このパワートレインは、ターボチャージャー付き1.5Lガソリンエンジン、2基の電気モーター(前後に1基ずつ)、および35.6kWhのリン酸鉄リチウム(LFP)バッテリーで構成される。

英国仕様の詳細はまだ明かされていないが、BYDは0-100km/h加速タイムを4.8秒、電気のみでの航続距離を127kmとしている。

スクエアで厚みのあるTi7のスタイリングは、ディフェンダーやトヨタ・ランドクルーザーといった伝統的なSUVを彷彿とさせる。角ばったエッジとトランクに搭載されたスペアタイヤホルダーが特徴だ。

モノコック構造で日常志向のクルマ

英国ではBYDブランドから販売されるが、実質的には今年後半に投入予定のデンツァ『B5』の大型版にあたる。

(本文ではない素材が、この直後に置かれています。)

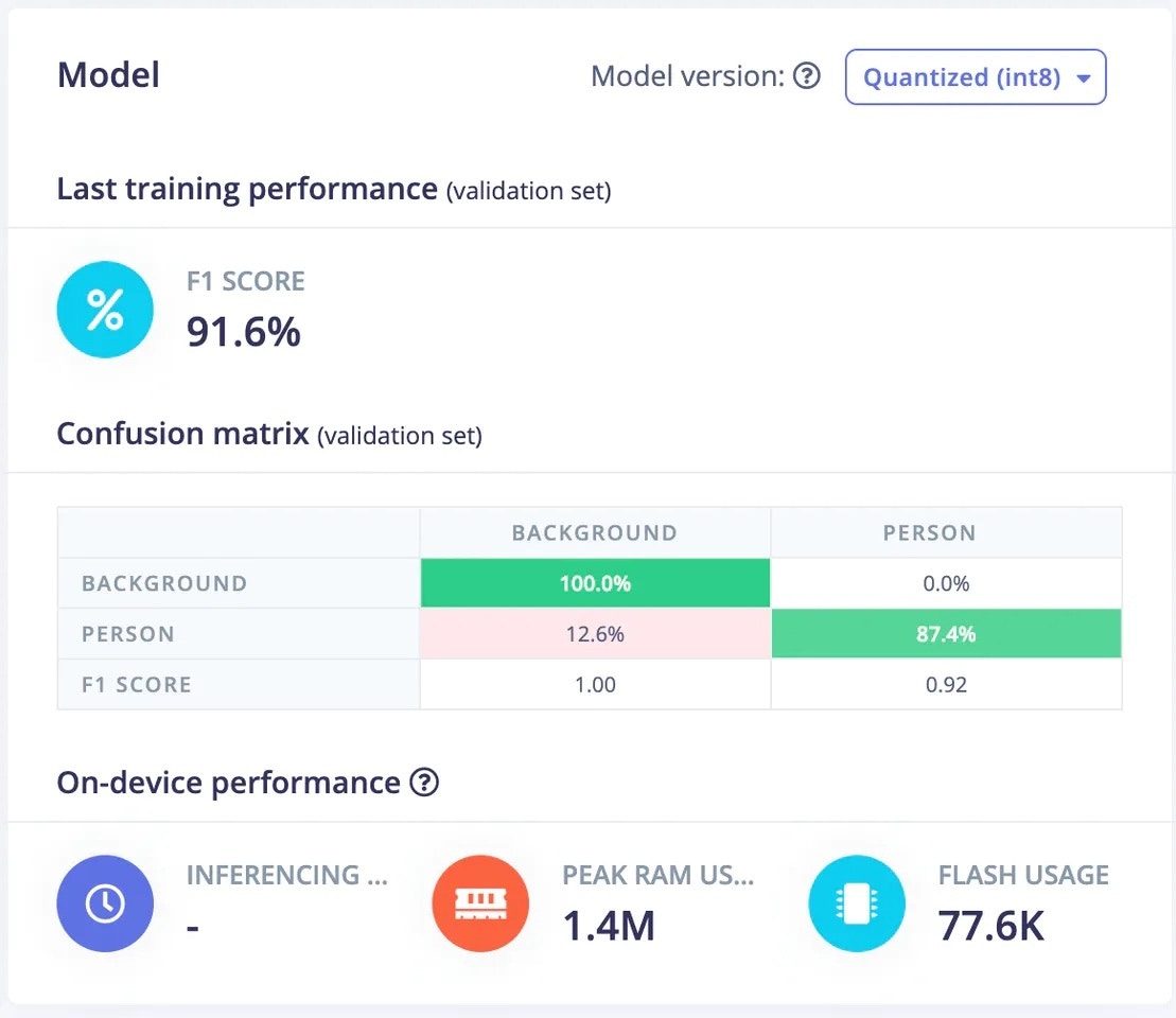 Training and testing are done using above mentioned PIROPO dataset. I used the FOMO architecture by the Edge Impulse to train this model. To prepare a model using FOMO, please follow this link.

本国中国では、B5とTi7の両モデルとも、BYDの若者向け高級ブランドであるファンチェンバオ(方程豹、Fangchengbao)から販売されている。


BYD Ti7    BYD

Ti7がデンツァとして販売されない理由について、BYD UKの広報担当者はAUTOCARに対し、ボディ・オン・フレーム構造のB5はオフロード車として構想されたが、モノコック構造のTi7は必ずしもオフロード性能を必要としない購入者を対象としているためだと説明した。

中国では、Ti7にはBYDの急速充電技術「フラッシュ」に対応したバッテリーEV版も用意されており、最大1500kWの充電が可能だ。

英国では今年、こうした急速充電器300基のネットワークが整備される予定だが、EV版のTi7が英国市場に投入されるかどうかは定かではない。

Ti7の価格は数週間以内に発表される予定だ。最高価格5万9025ポンド(約1260万円)の電動SUV『シーライオン7』を上回る、BYDのフラッグシップモデルとして位置づけられる可能性が高い。

7月に開催されるグッドウッド・フェスティバル・オブ・スピードで、Ti7が英国デビューを果たす可能性もある。BYDは過去2年間、同イベントで大きな存在感を示してきた。